EXERCISE
Reproduce the records below exactly from their first line through the line containing "Specify the role", omitting all pictures.

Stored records
━━━━━━
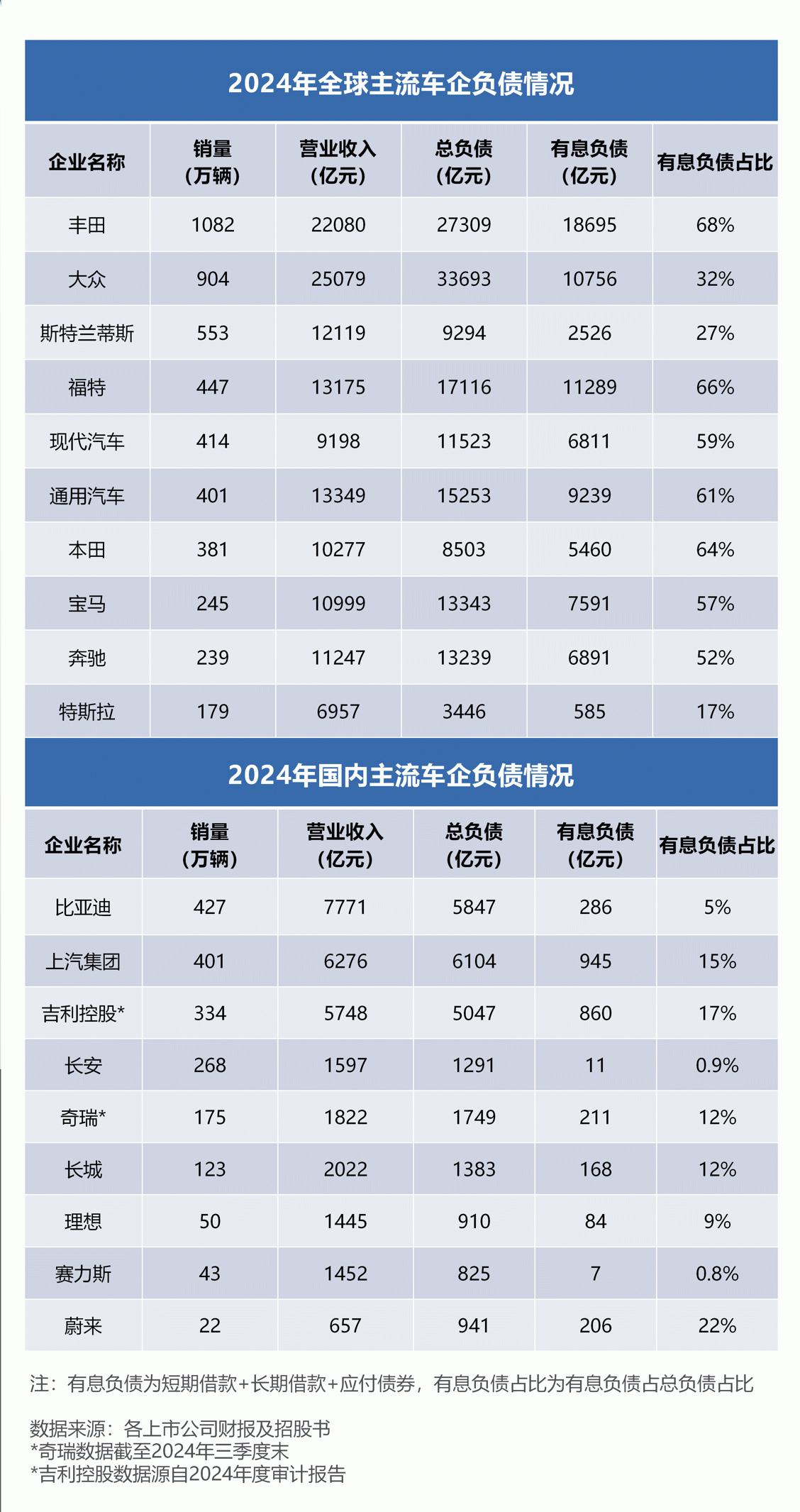 在有息负债指标上,相比国际车企,中国车企的数据更加健康:
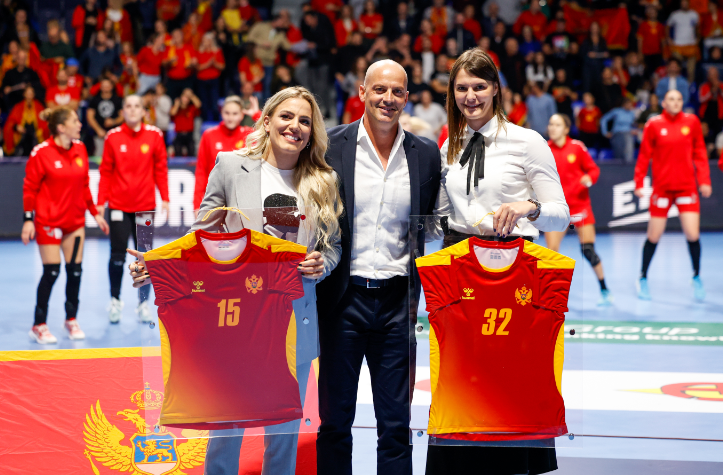 Uramljeni dres sa državnim grbom uoči početka meča uručio im je predsjednik Rukometnog saveza Crne Gore Petar Kapisoda
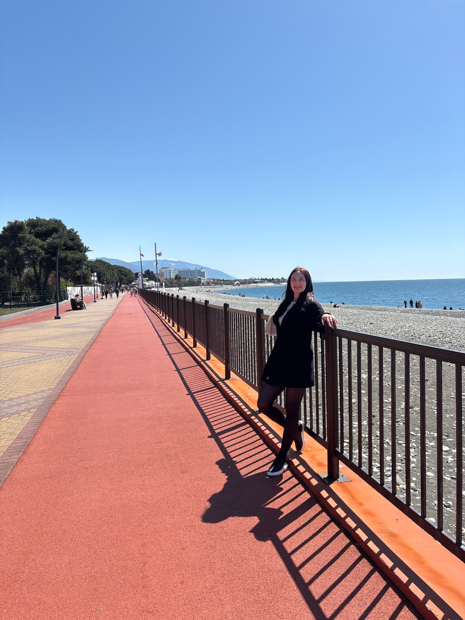 This image presents a bright and sunny coastal scene in Sochi, Russia, taken from an elevated perspective. The central subject is a young woman with dark hair, wearing a black coat or dress, dark legg…read more
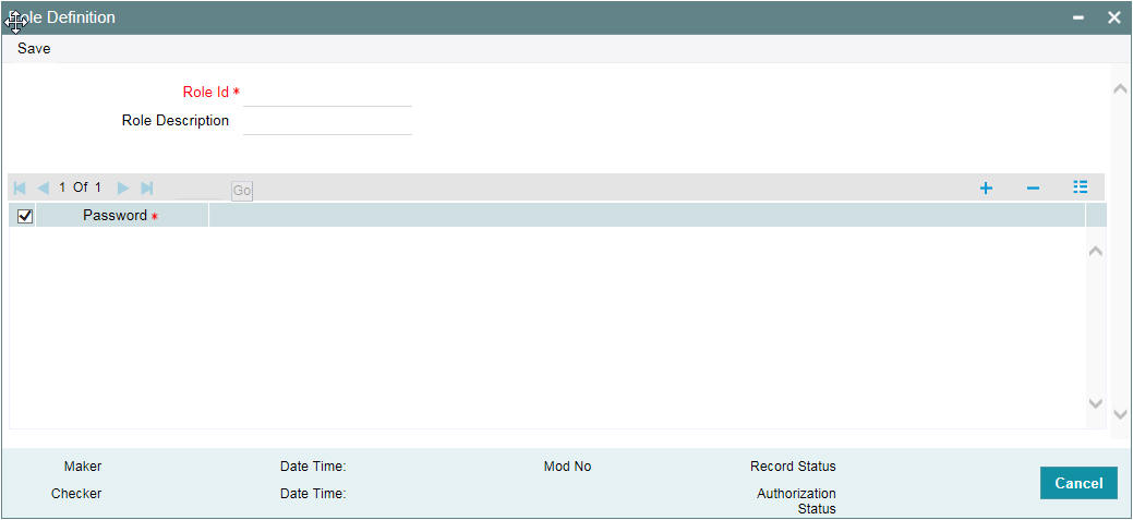 Specify the role assigned to the user for the selected branch. The option list displays all valid roles maintained in the system. Choose the appropriate one.
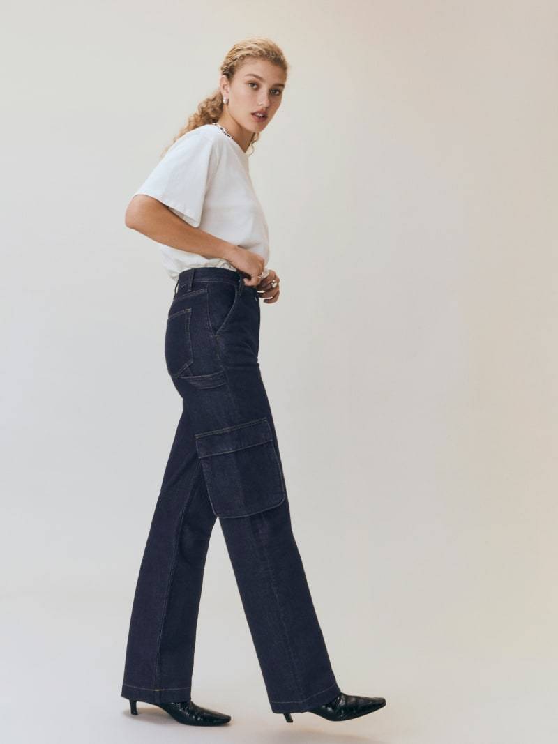 Также на пике популярности широкие джинсы с накладными карманами – карго. Такой трендовый фасон можно сочетать с водолазками и свитерами, а обувь и аксессуары выбрать в зависимости от погоды и настроения.
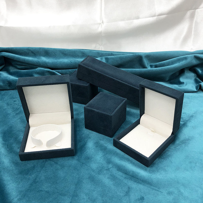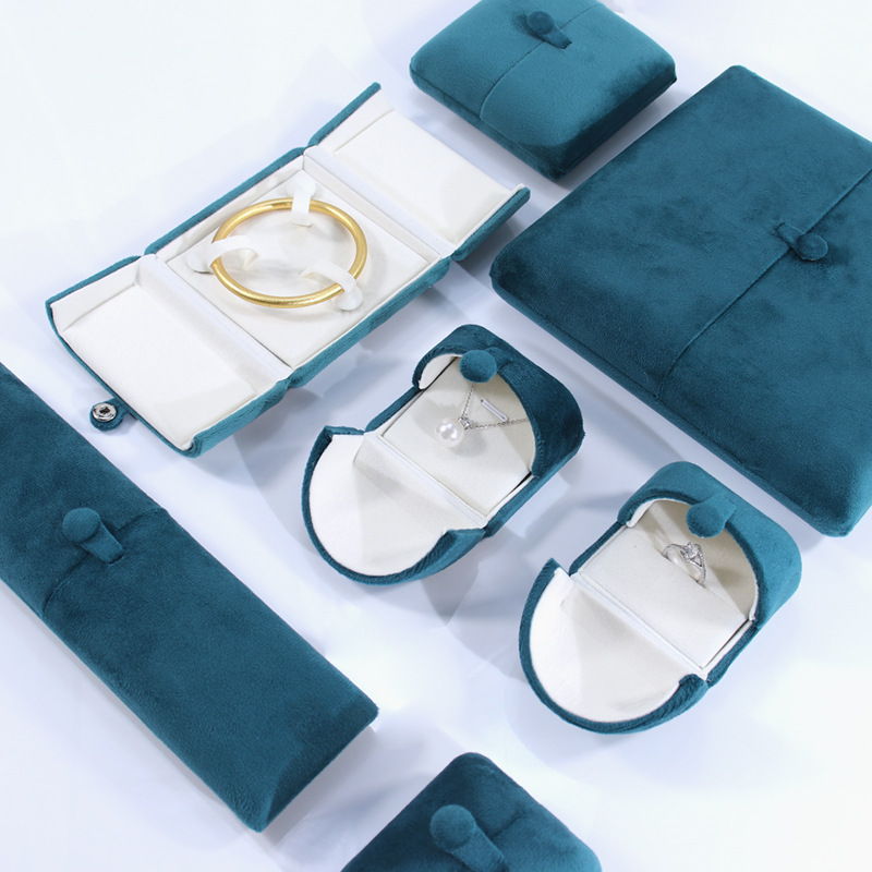 厂家直销高档绒布双开孔雀蓝珍珠礼盒按扣首饰盒丽丝绒套链盒现货
━━━━━━
WRITTEN ANSWER
 在有息负债指标上,相比国际车企,中国车企的数据更加健康:
 Uramljeni dres sa državnim grbom uoči početka meča uručio im je predsjednik Rukometnog saveza Crne Gore Petar Kapisoda
 This image presents a bright and sunny coastal scene in Sochi, Russia, taken from an elevated perspective. The central subject is a young woman with dark hair, wearing a black coat or dress, dark legg…read more
 Specify the role assigned to the user for the selected branch. The option list displays all valid roles maintained in the system. Choose the appropriate one.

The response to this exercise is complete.